If $\log(ax)\log(bx) +1=0$ has a solution $x>0$, then find bounds on $b/a$

Question

If equation $$\log(ax)\log(bx) +1=0$$ with constants $\;a>0,\; b>0\;$ has a solution $x>0$, it follows that $$\frac{b}{a} \ge ???$$ or $$???\ge\frac{b}{a}\gt???$$

Fill all in the blank.

To be honest, I am very lost here and not sure how I can get into $\frac{b}{a}$ part. The answers provided were $100, 1/100,\;$ and $\;0\;$ respectively.
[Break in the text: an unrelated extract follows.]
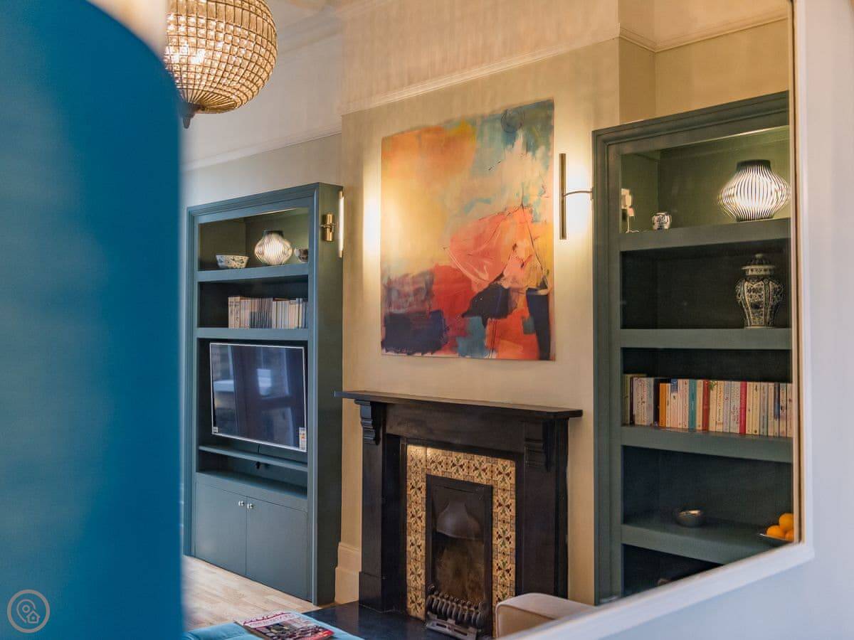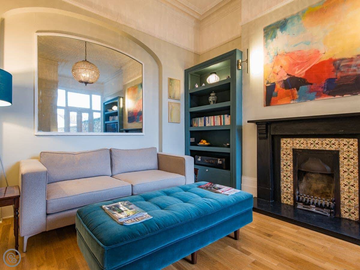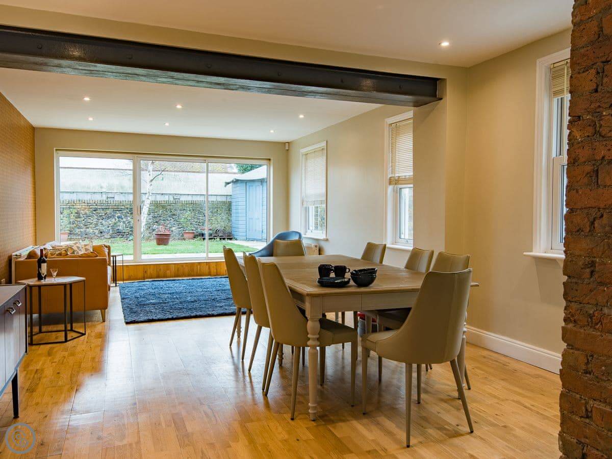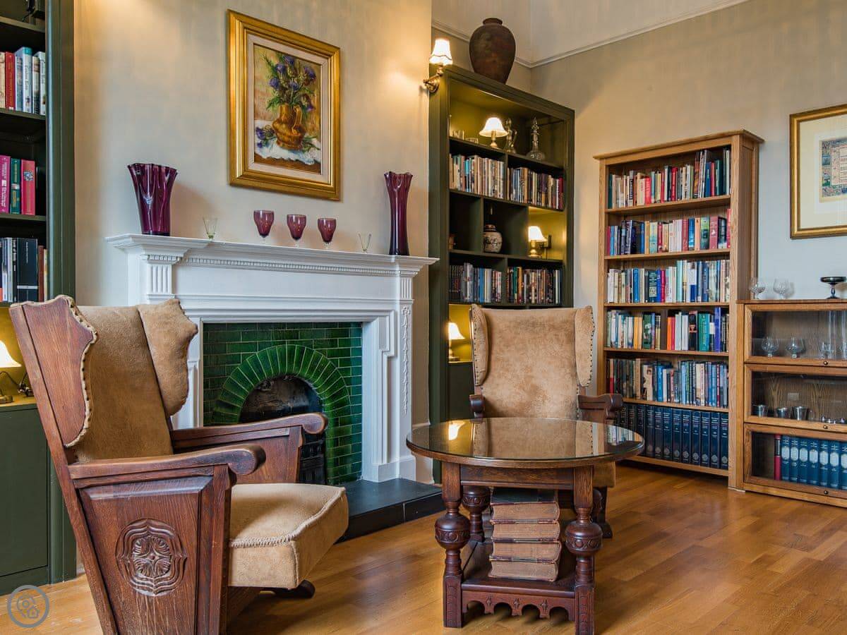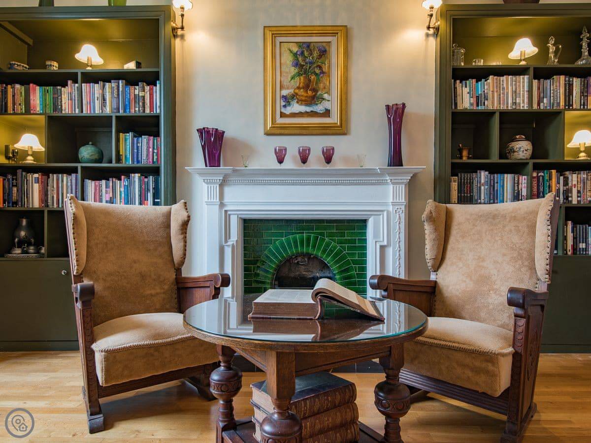 The house is from 1875. It's got that turret you see from the street. The ceilings are high, which makes it feel airy even with a full group. There's a lot of original stuff, like the coloured glass in the hall. The main rooms are big. The sitting room fits everyone for a film, and there's a quieter library if you need a break.

I would like to hear the perspective of how other people think about this problem. Looking forward to hearing from you!

Answer 1

HINT:

The equation can be rewritten as $$(\log a + \log x))(\log b+ \log x) +1=0.$$ Set $t=\log x$ and expand, the obtained quadratic equation $$t^2+t(\log a + \log b) + \log a \cdot \log b +1=0.$$ The discriminant $D=(\log {a\over b}-2)(\log {a\over b}+2)$ must satisfy $$(\log {a\over b}-2)(\log {a\over b}+2)\geq 0$$ if we want real solutions. Can you finish it from this?

Answer 2

Hint: It is $$(\ln(x))^2+\ln(x)(\ln(a)+\ln(b))+\ln(a)\ln(b)+1=0$$ it is a quadratic in $$\ln(x)$$.